Surprisingly, Crashlytics was built completely counter to the MVP methodologies.  Jeff candidly stated that they did very little testing.  The team relied on their personal experience as developers and personal taste to product a high quality product.  The stated purpose was to avoid design by committee – which often can lead to mediocre products (that nobody hates, but also that nobody loves).

Jeff was also kind enough to capture 5 tactical tips that every startup hopeful show keep in mind:

  1. Incorporate feedback before seeking funding

    • Investors are a great source of information.  Use them to learn and make your product better BEFORE asking them for money.  Ideally, by the time you hit them up for an investment they already love you.
  2. Balance Team

    • Engineers thing that if you build it users will come.  This magic doesn’t happen – there are just too many products in a super crowded technology market place.  Make sure you hire the people you need to make distribution happen.  For most startups today the go to market or customer  needs issues are the key uncertainty – not the product. 
  3. Time Your Fundraising

    • There are two types of investors – Vision Investors and Momentum Investors.  The former invests in a market/problem and a team.  Their hope is your good is big and you are smart enough to get there.  The latter invest in numbers – # users, growth, run-rate etc.  Pitching a prototype wins you neither of these investors.  Vision Investors just need a team and a deck.  So just pitch that.  Momentum investors need users and traction.  Which leads me to:
  4. Investors don’t dots they fund curves:

    • image
    • A curve is defined by three points.  Investors want to see your inflection at three different points while evaluating an opportunity.  I mapped this to the timing question.  Personally,  my goal is to  now have a meeting at the vision stage, prototype stage, and traction stage.  However, Jeff also mentioned that you can do this with less (Pitch to a vision investor with a mockup, customer requests, and prototype).  The caveat here is that Jeff is a proven entity – if you’re a first time founder you’ll probably need more.
    • Take investors out of the office.  Make your pitch in a casual environment (coffee-shop etc.).  And make it a real human interaction (where they are inclined to say yes)– not a pitch (where they are inclined to say no). 
  5. Maximize First Time Experience

    • This was a huge and really unique part of Crashlytics.  They essentially worked quietly for a long time on a great product and then released it.  There was no big  public beta or hopes that they’d fix issues in V2.  They made a big bet, polished every element to the nth degree and launched.  This resulted in a HUGE splash and customer WOW experience that drove the majority of their positive PR  (and acquisition). 

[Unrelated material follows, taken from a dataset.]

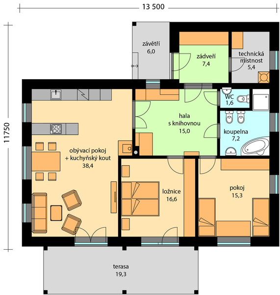 Rodinný dům Kocián je přízemní dům moderního vzhledu dispozičně řešený pro bydlení 4 osob. Dům je navržen tak, aby se v něm všichni členové domácnosti cítili dobře. Ze zádveří se dostanete do krásné a prostorné haly, odkud máte přístup do všech obytných místností domu. Moderně navržený obývací pokoj s kuchyňskou linkou je opatřen krbovými kamny a poskytuje dostatek prostoru pro celou rodinu. V ložnici i v obývacím pokoji jsou navrženy balkonové dveře s východem přímo na zahradní terasu s pergolou chránící před sluncem. Dětský pokoj má okna na dvě světové strany. Koupelna je zařízena jak moderním sprchovým koutem, tak klasickou vanou. Technická místnost s pračkou je oddělena od běžného chodu domácnosti. Při vhodném umístění objektu na pozemek lze využít jako nízkoenergetický či pasivní dům.

This visit to Crashlytics was easily one of the most surprising experiences I’ve had in Boston.  I was expecting a classic developer-driven lab that rolled out simple no-frills developer tools (Android I’m looking at you!). 

Instead, we found the Apple Computers approach to SDKs (no surprise Jeff worked there).  Simple, slick, and beautiful tools to give the cubicle warriors the same great experience in the office that they’ve gotten used to in their personal consumer lives.